L’emersione delle ‘stabilocrazie’ ha quindi costituito l’altra faccia della mancanza di ‘politica’ da parte di Bruxelles nel gestire il processo di adesione dei Balcani occidentali all’Unione, una mossa che ha contribuito ad opacizzare l’appeal del progetto comunitario in quel paesi facendo percepire l’UE come un progetto a favore del mantenimento di un establishment cleptocratico e soffocante, senza che problemi di importanza capitale, come l’emigrazione giovanile di massa, venissero affrontati. È stato quindi facile per vari pesi massimi globali reinserirsi nel gioco balcanico, approfittando del vuoto di politica che l’Unione fatica a riempire: gli ultimi anni hanno visto un susseguirsi di lobbying politica ed economica da parte di attori che possono contare su varie leve, come il panslavismo ortodosso usato dalla Russia verso Serbia, Montenegro,  Macedonia del Nord e (in parte) Bosnia come contrappeso alle sirene della NATO, o il richiamo alla tradizione ottomana e all’Islam sfruttato dalla Turchia verso Albania, Kosovo e (anche stavolta, in parte) Bosnia. Oggi anche la Cina è ormai partner di primo piano per i paesi dell’area, pienamente inseriti nella Belt and Road Initiative e potenziali future vittime delle debt traps che Pechino semina all’interno degli imponenti progetti infrastrutturali che promuove, finanzia e realizza in tutto il mondo. Da ultimi, anche gli Stati Uniti sono tornati prepotentemente sulla scena, proprio a fronte dello stallo nel cammino europeo della regione, con l’amministrazione Trump che ha nominato nel giro di pochi mesi due rappresentanti speciali – uno per i Balcani occidentali, l’altro per i negoziati tra Serbia e Kosovo – instradando così due concetti rischiosi per la zona e antitetici ai messaggi di Bruxelles: che l’integrazione nella NATO ha più importanza di quella nella UE (idea che Washington cerca di far passare specie in Bosnia) e che lo scambio di territori possa costituire una modalità di risoluzione della controversia tra Belgrado e Pristina.

In questo contesto, le sfide per l’Unione Europea sono immense: si tratta di recuperare il terreno perduto in questi anni e, allo stesso tempo, trovare ricette che rimettano in moto – a Bruxelles, tra gli Stati membri ma soprattutto nelle capitali balcaniche – il processo di allargamento.
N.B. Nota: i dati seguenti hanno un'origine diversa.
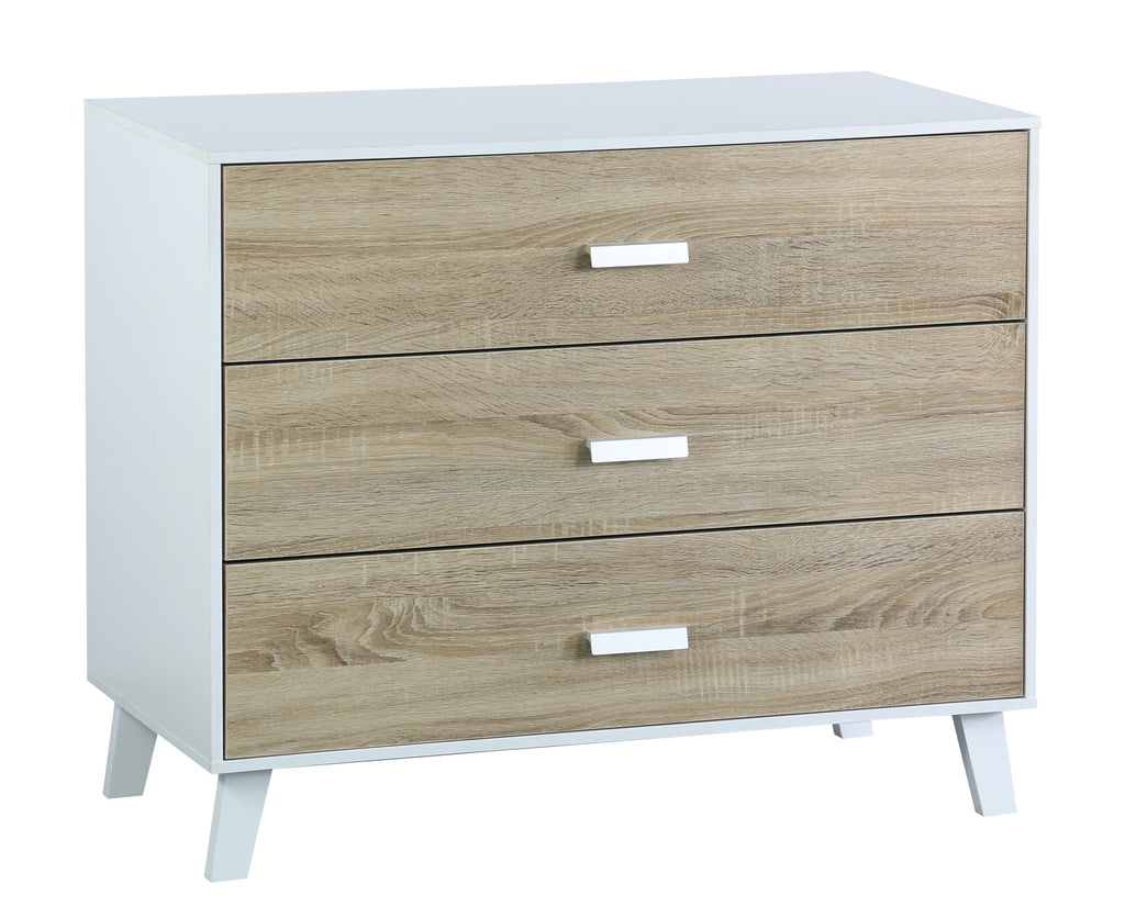 Comò 3 Cassetti 90x40x75 cm in Pannello Truciolare Bianco/Sonoma

La soluzione passa per la politica, con il coinvolgimento di tutti gli attori comunitari, e iniziative coraggiose che non guardino solo all’establishment e necessariamente al mantenimento delle stabilocrazie. Così, la creazione di rapporti forti e strutturati, sempre nel rispetto dei ruoli, con le forze di opposizione e la società civile (sfruttando ad esempio le potenzialità del Parlamento Europeo), può smuovere le acque dei pantani dei palazzi del potere a Belgrado, Podgorica, Tirana e Sarajevo, tenendo a mente un esempio di successo come quello della Macedonia del Nord, che ha dimostrato come scelte coraggiose possano far recuperare decenni di immobilismo. Durante la sua audizione alla Commissione Affari Esteri del Parlamento Europeo, Josep Borrell ha dichiarato di voler effettuare la sua prima visita come nuovo Alto Rappresentante per la Politica Estera e di Sicurezza in Kosovo: un segnale importante – soprattutto se lanciato da un ex ministro degli esteri di un paese che non riconosce ancora l’ex provincia serba – che si spera possa aprire a un re-engagement politico dell’Unione Europea nei Balcani occidentali.

Dario D’Urso è consigliere politico del Rappresentante Speciale UE in Bosnia-Hrzegovina. Le opinioni espresse in questo articolo sono personali.